CBER Guidance Addresses Trial Design for IGIV Products
A statistical demonstration of a serious infection rate of less than 1 per person-year is adequate to provide substantial evidence of efficacy in clinical trials of investigational human immune globulin intravenous (IGIV) products, CBER says.
Sponsors of IGIV products may be able to run pivotal clinical trials using various types of designs, CBER says in a new guidance, which finalizes a draft released in November 2005.

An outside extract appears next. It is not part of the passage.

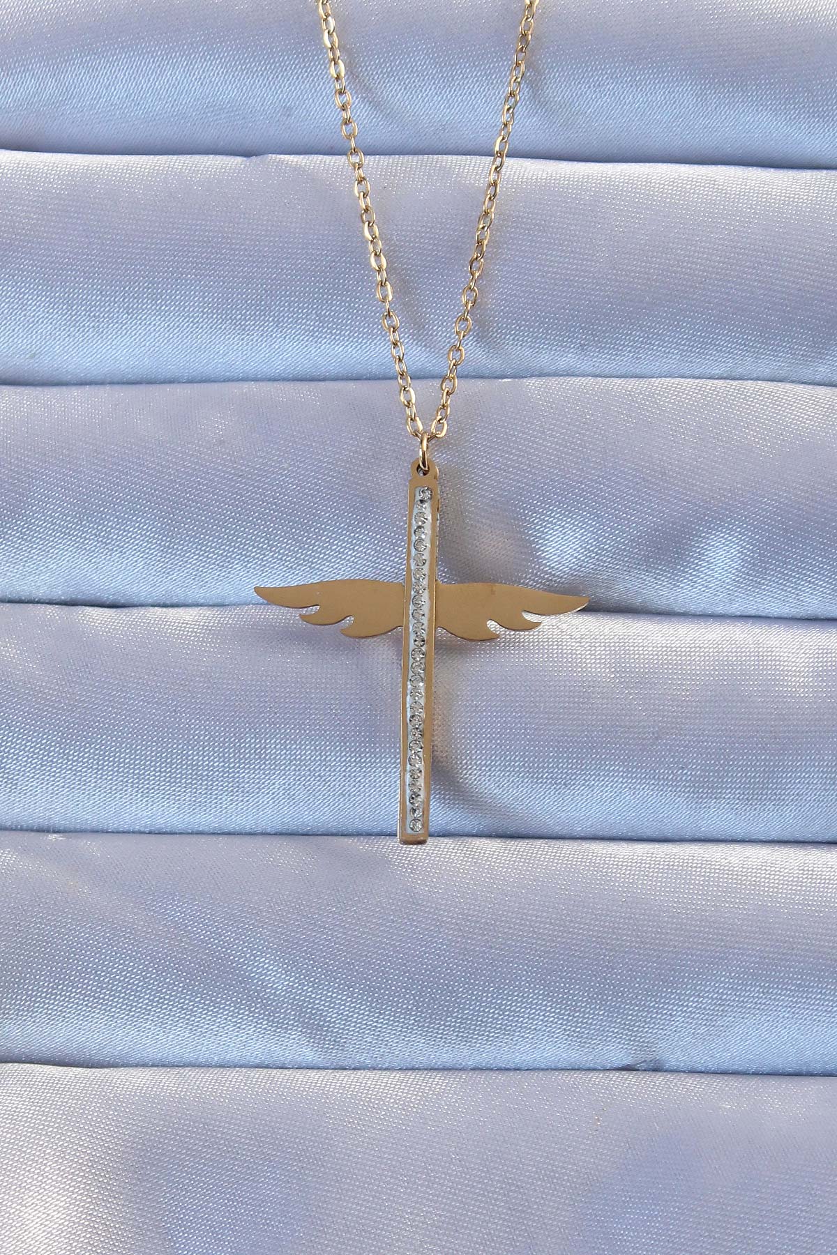 316L Çelik Altın Renk Zirkon Taşlı Mikail Kolye - TJ-BKO9265

IGIV products are used as replacement therapy for primary humoral immunodeficiency. They are prepared from large pools of plasma collected from numerous individual healthy donors, so they contain antibodies against many infectious agents.
At an FDA Blood Products Advisory Committee meeting in 1999, the agency suggested a pivotal trial design using a prospective, randomized, double-blind, parallel, positive-control, noninferiority study in 80 subjects with a documented history of primary humoral immunodeficiency in which the safety and efficacy of the test product would be compared with that of a U.S.-licensed IGIV product. Sponsors were advised to evaluate efficacy by comparing the serious infection rate in each group over a year’s time.
Since then, CBER has determined that other approaches may work. For example, it suggested alternative clinical trial design proposals involving testing in fewer subjects in an open-label, single-arm trial compared with a statistically modeled historical control might be sufficient to provide evidence of safety and efficacy.
The guidance can be accessed at www.fda.gov/cber/gdlns/igivimmuno.htm.